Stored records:
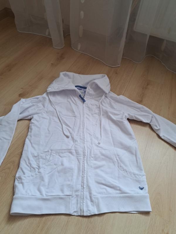Женская спортивная мастерка белого цвета. Без капюшона, вместо него притачной бафф. можно откидывать на плече.
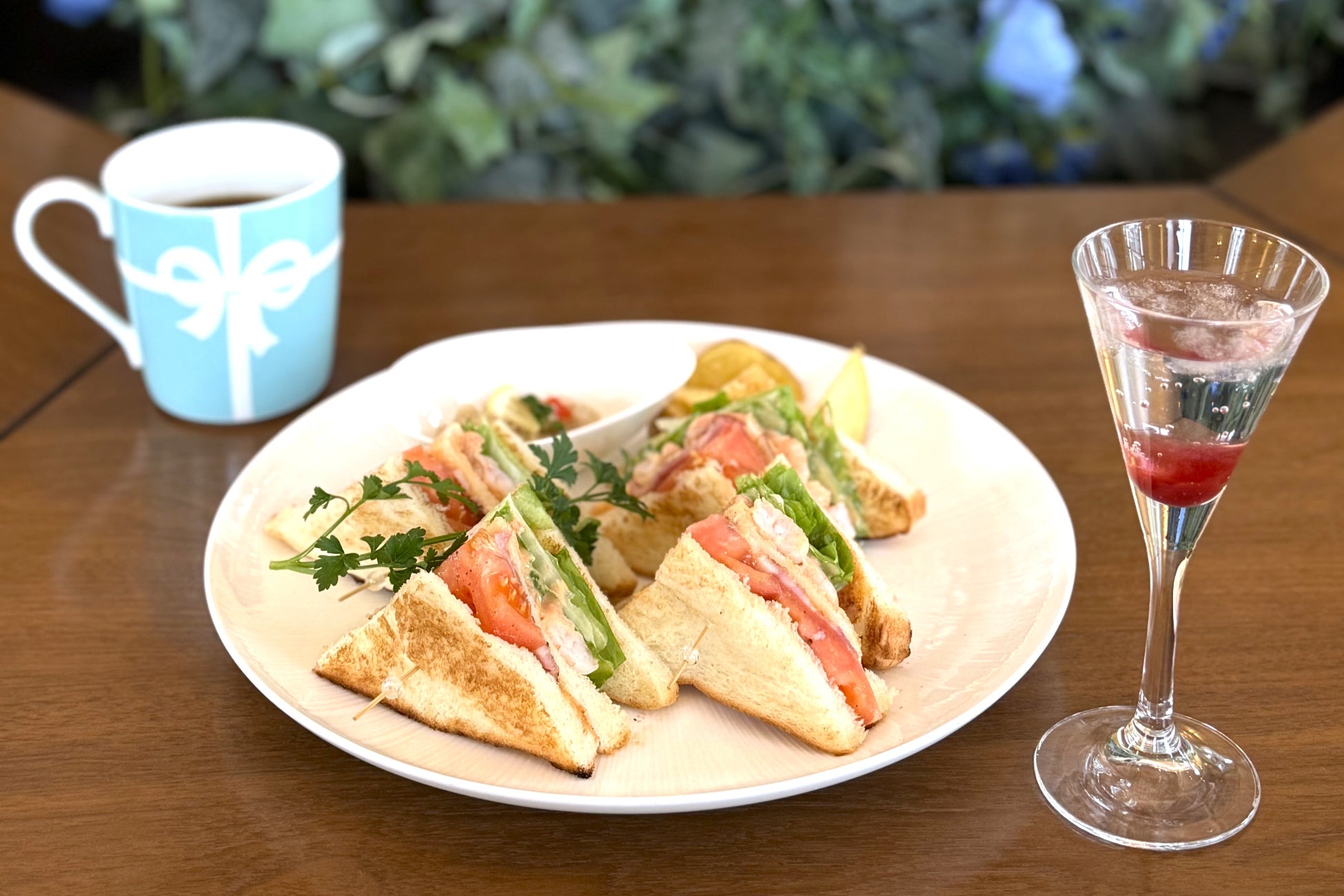 ローズシロップのスパークリングウェルカムドリンク付BLTSサンドのセット。(セットドリンク含む)BLTSサンドの由来は、一般的なベーコン、レタス、トマトの他に、縁起の良いシュリンプ(海老)が入っています。一色堂茶廊がこれからも末長くお客さまから愛され続けるようにと願いを込めています。
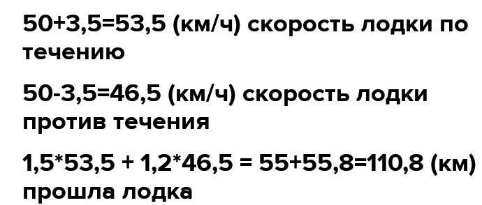 Моторная лодка шла по течению 1,5 часа, а против течения 1,2 часа. Какой путь прошла моторная лодка, если ее собственная скорость 50 км/ч, а скорость течения 3,5 км/ч?
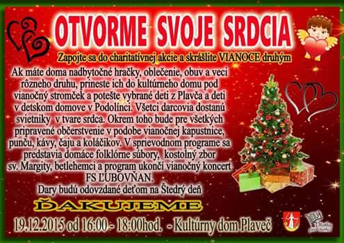 Naša výzva, ktorú sme na našej stránke uverejnili 10. decembra 2015 oslovila Majku Kyšeľovú a Helenu Liptákovú, ktoré si želajú, aby šťastné a veselé Vianoce mali aj deti v domove v Podolínci. Hoci majú Helenka a Marek Liptákovci štyri deti, neváhali a priniesli nám hračky, ktoré 19. decembra 2015 zanesieme do Plavča. Tieto hračky dostanú deti v detskom domove v Podolínci na Štedrý deň pod vianočný stromček. Ďakujeme darcom! Je skvelé, keď sa deti vzdajú svojich obĺúbených hračiek, aby potešili svojich kamarátov.Určite bude pre nich odmenou veľa milých úsmevov detí v domove s iskierkou v oku.
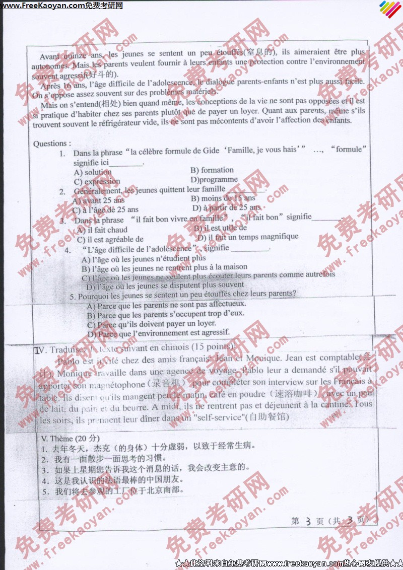 山东师范大学2007年考研真题-法语(3)
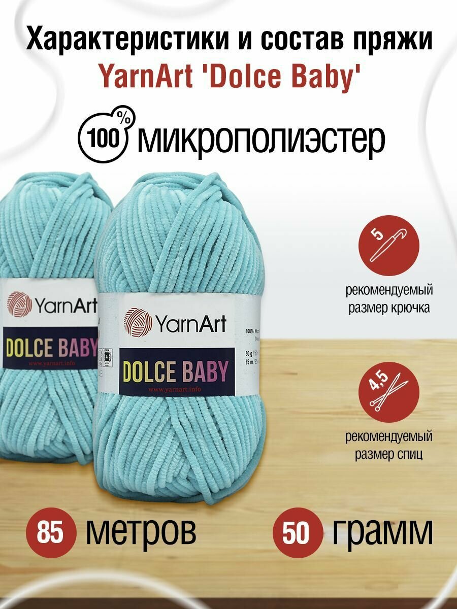 СохранитьПряжа для вязания плюшевая YarnArt Dolce Baby, цвет 746 бирюзовый, моток 50г, 85м, 5 мотков интересное:

▸ **What needs to be done**
Repeat the records above exactly, without pictures.

▸ **Answer section**
Женская спортивная мастерка белого цвета. Без капюшона, вместо него притачной бафф. можно откидывать на плече.
 ローズシロップのスパークリングウェルカムドリンク付BLTSサンドのセット。(セットドリンク含む)BLTSサンドの由来は、一般的なベーコン、レタス、トマトの他に、縁起の良いシュリンプ(海老)が入っています。一色堂茶廊がこれからも末長くお客さまから愛され続けるようにと願いを込めています。
 Моторная лодка шла по течению 1,5 часа, а против течения 1,2 часа. Какой путь прошла моторная лодка, если ее собственная скорость 50 км/ч, а скорость течения 3,5 км/ч?
 Naša výzva, ktorú sme na našej stránke uverejnili 10. decembra 2015 oslovila Majku Kyšeľovú a Helenu Liptákovú, ktoré si želajú, aby šťastné a veselé Vianoce mali aj deti v domove v Podolínci. Hoci majú Helenka a Marek Liptákovci štyri deti, neváhali a priniesli nám hračky, ktoré 19. decembra 2015 zanesieme do Plavča. Tieto hračky dostanú deti v detskom domove v Podolínci na Štedrý deň pod vianočný stromček. Ďakujeme darcom! Je skvelé, keď sa deti vzdajú svojich obĺúbených hračiek, aby potešili svojich kamarátov.Určite bude pre nich odmenou veľa milých úsmevov detí v domove s iskierkou v oku.
 山东师范大学2007年考研真题-法语(3)
 СохранитьПряжа для вязания плюшевая YarnArt Dolce Baby, цвет 746 бирюзовый, моток 50г, 85м, 5 мотков интересное:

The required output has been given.